• Your goal
Retype the opening lines of the listing below, ending with the line that contains "Singapore issued a", and leave out any pictures.

• Exercise data

▽

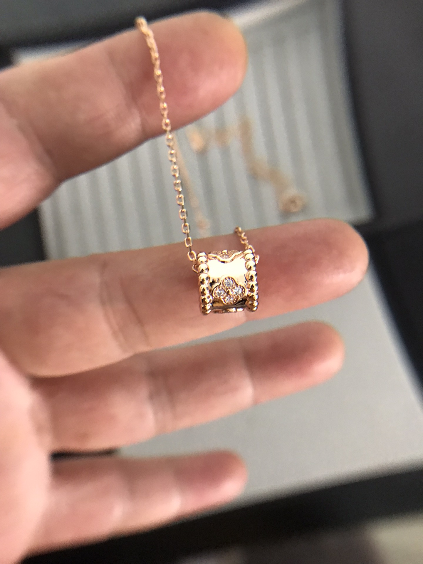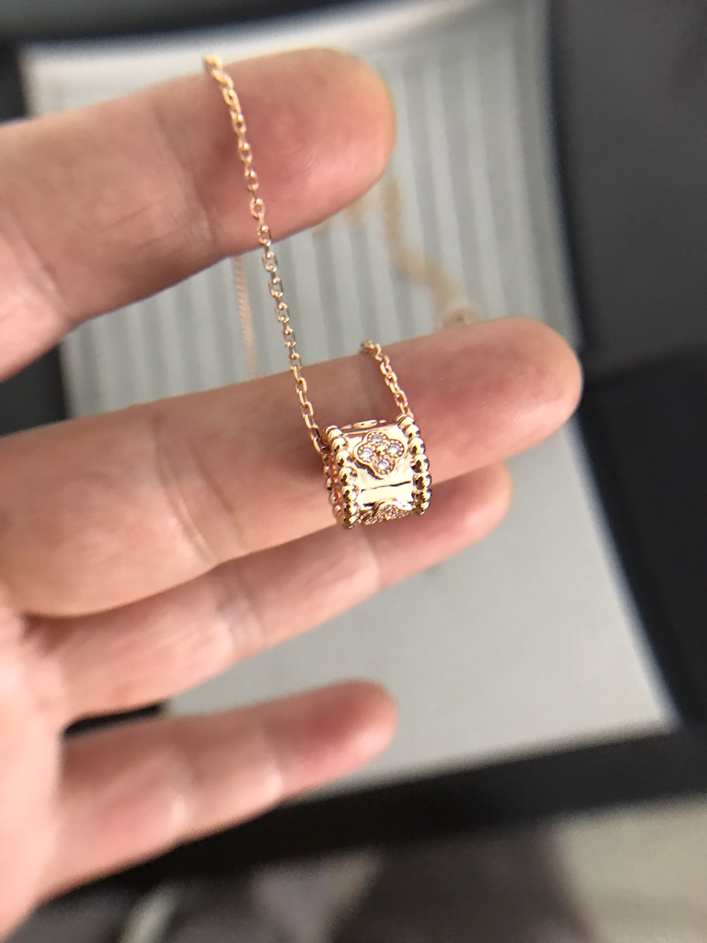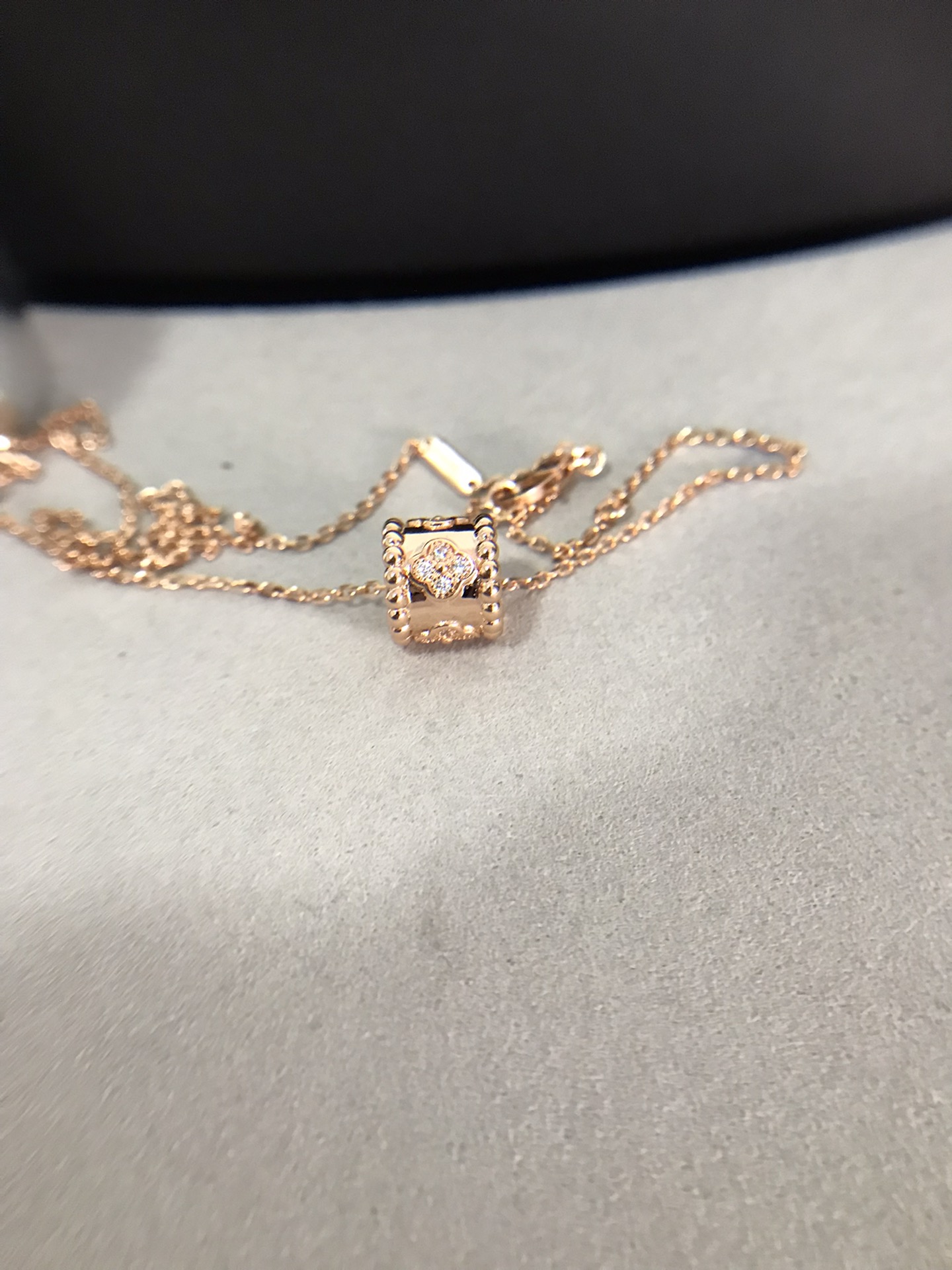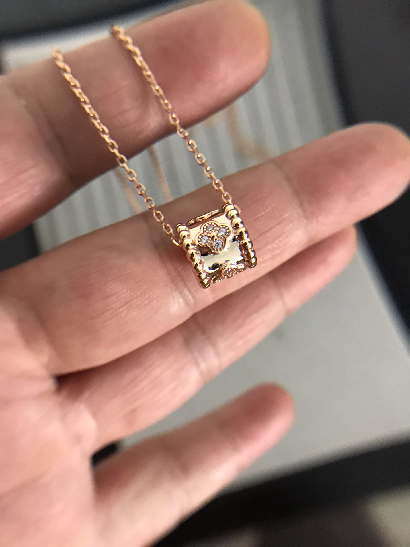 萬花筒項鏈 我們秉承沒有正版 不做貨 要做就做頂版萬花筒項鏈和四葉草有異曲同工之處 但是吊墜是不同的四葉草是固定的萬花筒是可以移動的萬花筒有五朵四葉草 每朵花都有4顆鑽 20顆鑽石 測面打磨光滑 四葉草中間圓珠飽滿立體卡扣是CNC精雕扣子字印和圖案清晰明顯每一個雕花都狠精緻 做工都是10多年老師傅工藝採用浮雕工藝 立體感十足質感超級棒戴上狠顯氣質 而且搭配衣服也是百搭寓意*——————財運滾滾來———————————
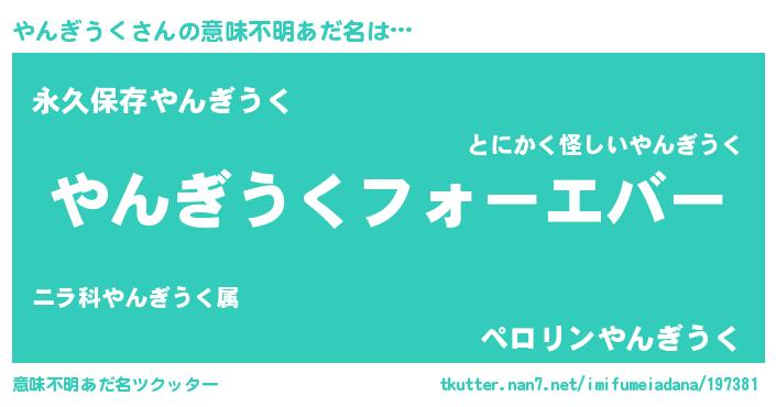 | 欧米人風あだ名 | 『やんぎうく・ステッグマイヤー』 |
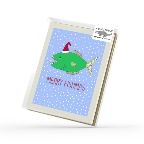 Choosing the Merry Fishmas card means opting for a unique and artistic way to convey your holiday wishes. With its charming design and quality materials, this card stands out from the typical holiday cards available in stores. It's a thoughtful choice for those who appreciate art and want to share something special with their loved ones.
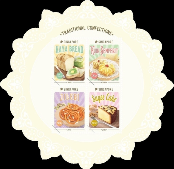 Singapore issued a Miniature sheet with four stamps on theme Traditional Confections. This 8$ Miniature sheet was issued on 17 Apr 2019 . Four confections featured on stamps are
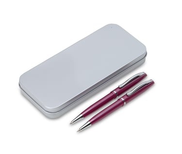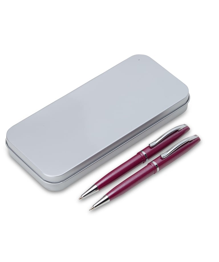 Descrição: Conjunto de caneta e lapiseira metálicas em estojo metal. Caneta e lapiseira possuem acabamento brilhante, carga esferográfica azul de 1.0mm e acionamento por rotação.
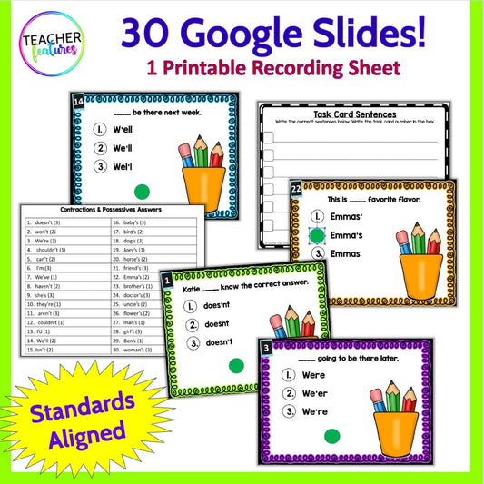 CONTRACTIONS & POSSESSIVES 2nd Grade Grammar GOOGLE SLIDES
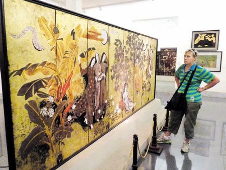 越南美术博物馆陈列教育处干部陶明月说:“博物馆的古代雕刻等古老美术作品吸引了大批观众。但博物馆的优势是在当代美术。这里展示的是越南传统材质绘画作品,如磨漆画。它吸引了很多外国游客,因为磨漆是越南独有的一种绘画原料。”
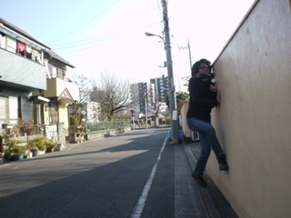 落とすのは無理だしケガをしそうなので、壁にぶつかってみた。
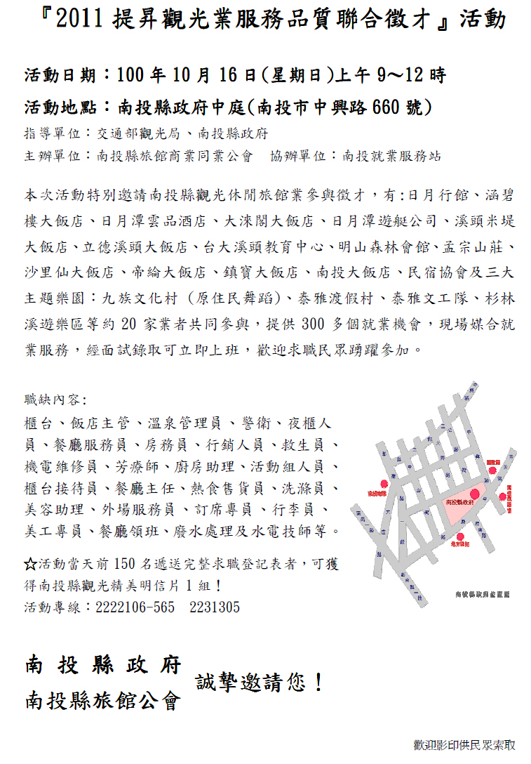 為協助本縣觀光產業求得適當人才以提昇服務品質,特訂100年10月16日於南投縣政府中庭(南投市中興路660號),舉辦
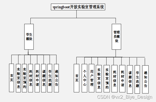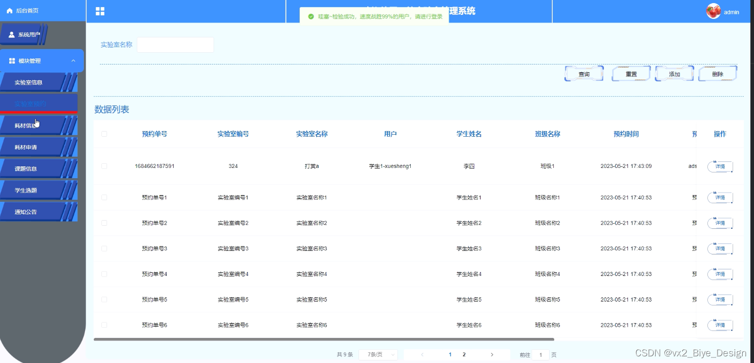 开放实验室管理系统在系统的平台上可以运行,主要实现了管理员后端;首页、系统用户(管理员、学生用户)模块管理(实验室信息、实验室预约、耗材信息、耗材申请、课题信息、学生选题、通知公告);学生用户功能;首页、实验室信息、耗材信息、耗材申请、课题信息、学生选题、通知公告管理模块的操作和管理。
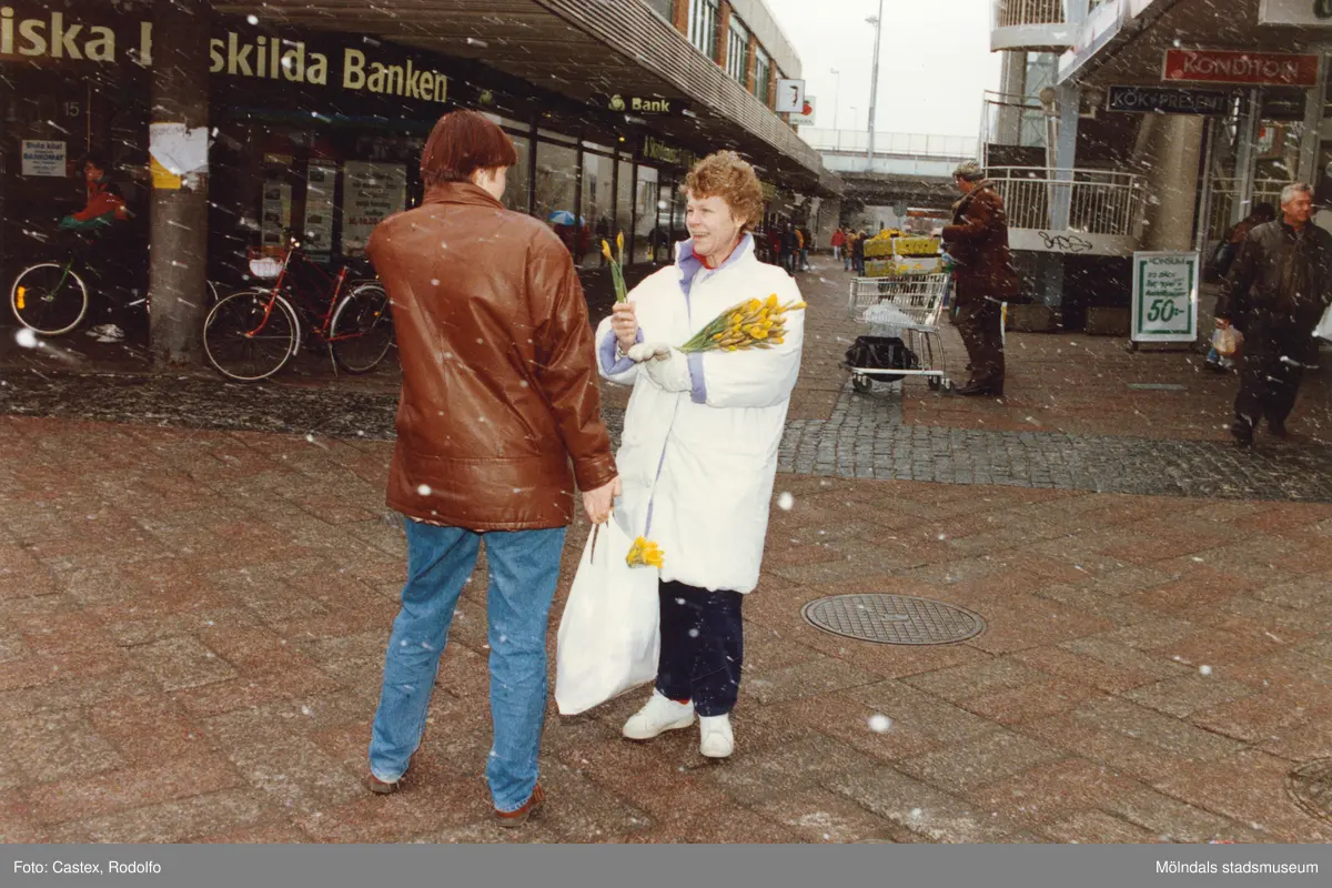 Medlemmar i fotbollsföreningen Jitex BK delar ut blommor till folk i Mölndals centrum i mars 1992. En kvinna får blommor i korsningen Brogatan-Nygatan. SEB i bakgrunden.

△

• Written solution
 萬花筒項鏈 我們秉承沒有正版 不做貨 要做就做頂版萬花筒項鏈和四葉草有異曲同工之處 但是吊墜是不同的四葉草是固定的萬花筒是可以移動的萬花筒有五朵四葉草 每朵花都有4顆鑽 20顆鑽石 測面打磨光滑 四葉草中間圓珠飽滿立體卡扣是CNC精雕扣子字印和圖案清晰明顯每一個雕花都狠精緻 做工都是10多年老師傅工藝採用浮雕工藝 立體感十足質感超級棒戴上狠顯氣質 而且搭配衣服也是百搭寓意*——————財運滾滾來———————————
 | 欧米人風あだ名 | 『やんぎうく・ステッグマイヤー』 |
 Choosing the Merry Fishmas card means opting for a unique and artistic way to convey your holiday wishes. With its charming design and quality materials, this card stands out from the typical holiday cards available in stores. It's a thoughtful choice for those who appreciate art and want to share something special with their loved ones.
 Singapore issued a Miniature sheet with four stamps on theme Traditional Confections. This 8$ Miniature sheet was issued on 17 Apr 2019 . Four confections featured on stamps are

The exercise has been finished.